The block-sizes of harddisks are 512 bytes, 1K, 2K or (maybe) 4K currently. So the server subtracts a little bit from the end so that the addition will result in multiple of the block-size (and it assumes a 4K block). Here is the code taken from init_io_cache() (in mf_iocache.c):
if (type == WRITE_CACHE)
info->write_end=
info->buffer+info->buffer_length- (seek_offset & (IO_SIZE-1));
functions
Above I've written about functions of the storage-engine that are called in the execution of the INSERT-stmt. Here is a listing of these functions as they are called by the server:<TestMaxVar> ha_maxtempl::extra
<TestMaxVar> ha_maxtempl::column_bitmaps_signal
<TestMaxVar> ha_maxtempl::extra
<TestMaxVar> ha_maxtempl::extra
<TestMaxVar> ha_maxtempl::store_lock
<TestMaxVar> ha_maxtempl::external_lock
<TestMaxVar> ha_maxtempl::start_bulk_insert
<TestMaxVar> ha_maxtempl::write_row this function is called mulitple times, once for each rowy
<TestMaxVar> ha_maxtempl::end_bulk_insert
<TestMaxVar> ha_maxtempl::enable_indexes
<TestMaxVar> ha_maxtempl::extra
<TestMaxVar> ha_maxtempl::extra
<TestMaxVar> ha_maxtempl::reset
<TestMaxVar> ha_maxtempl::extra
<TestMaxVar> ha_maxtempl::external_lock
<TestMaxVar> ha_maxtempl::extra
<TestMaxVar> ha_maxtempl::reset
For this test I created a table TestMaxVar in the database TestCache. Then I inserted 10 records into this table using the INSERT-statement used above, but restricted to 10 records. You can see which functions are called, how often they are called and in which order they are called. The table TestMaxVar uses the storage engine MAXTEMPL.

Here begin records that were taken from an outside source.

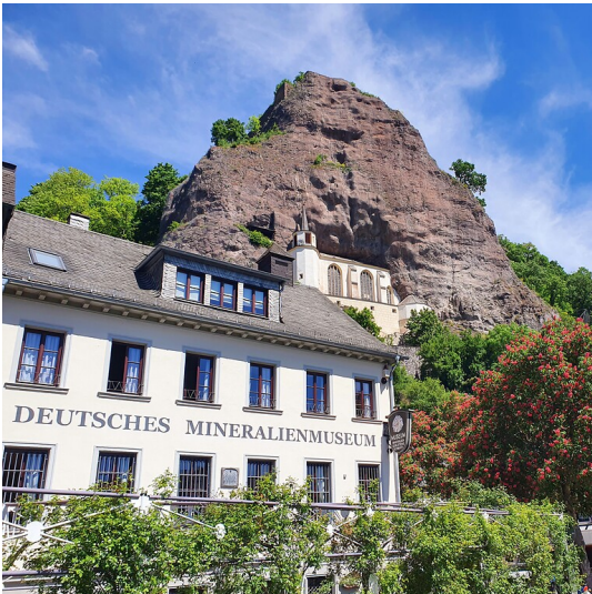
Das Deutsche Mineralienmuseum im Zentrum von Idar-Oberstein (2022)
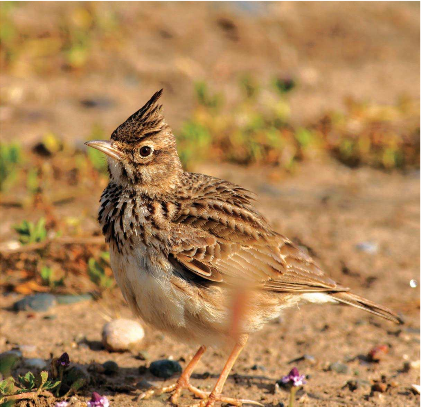
Tepeli toygar ( Galerida cristata )
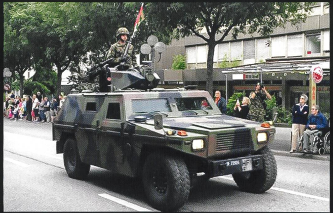
De haut en bas : véhicule d'exploration 93/97 Eagle; char de grenadiers à roues 93 Piranha; et GMTF. En bas : Pas de mobilité ni de capacité à durer sans logistique.
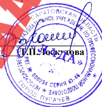
ГРАФИК проведения аттестации педагогических работников на соответствие занимаемой должности 2014 – 2018 гг.
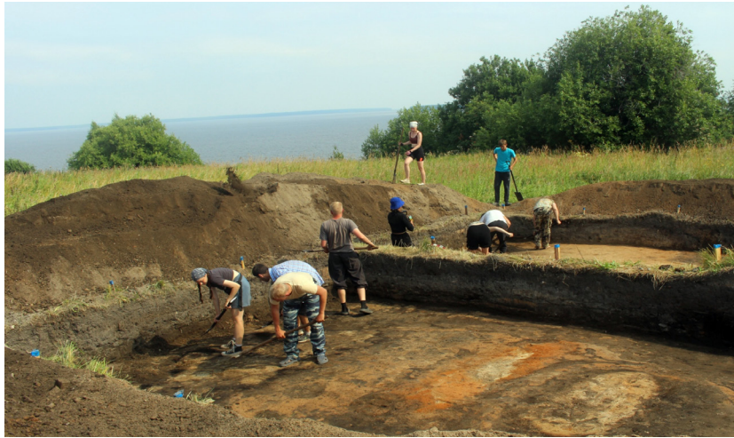
Рис. 5. Процесс работ на раскопе III 2025 г.

пах исследованы остатки сооружений преимущественно бытового характера. Но среди разнообразных находок представлены отходы, полуфабрикаты, инструментарий, связанные с кузнечным и литейным производством, сырье и полуфабрикаты для ювелирного дела (рис. 6). В особенности широко представлены предметы, связанные с косторезным производством – заготовки из рога и кости (рис. 7), не завершённые изделия. И, как и в предыдущих раскопках, среди находок многочисленны разнообразные роговые и костяные изделия, которыми так славится Анюшкар.
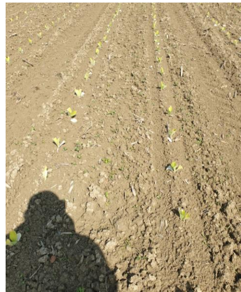
Renouée persicaire avec liserons (à gauche), lampourde (milieu) et chénopodes (à droite) près des semis plantés - (Crédit Photos : S. SEGUIN – Périgord Tabac / D. SAUREL – TGA)
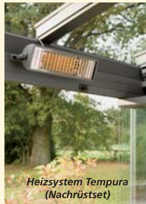
Heizsystem Tempura (Nachrüstset)

In the case of inserting only a single row this looks like that:
insert into TestMaxVar values(
'01000000', '999999', '132.36', '0.00', 'UROSAFE BEINBEUTEL 7732C 1 L', 'SPRING DE LU AM K1 NO TOP5', '25677' );
<TestMaxVar> ha_maxtempl::extra
<TestMaxVar> ha_maxtempl::column_bitmaps_signal
<TestMaxVar> ha_maxtempl::extra
<TestMaxVar> ha_maxtempl::extra
<TestMaxVar> ha_maxtempl::store_lock
<TestMaxVar> ha_maxtempl::external_lock
<TestMaxVar> ha_maxtempl::write_row
<TestMaxVar> ha_maxtempl::extra
<TestMaxVar> ha_maxtempl::external_lock
<TestMaxVar> ha_maxtempl::extra
<TestMaxVar> ha_maxtempl::reset
Ass you can see it's a bit simpler. And the functions start_bulk_insert() and end_bulk_insert() are missing in this case so no caching is done here.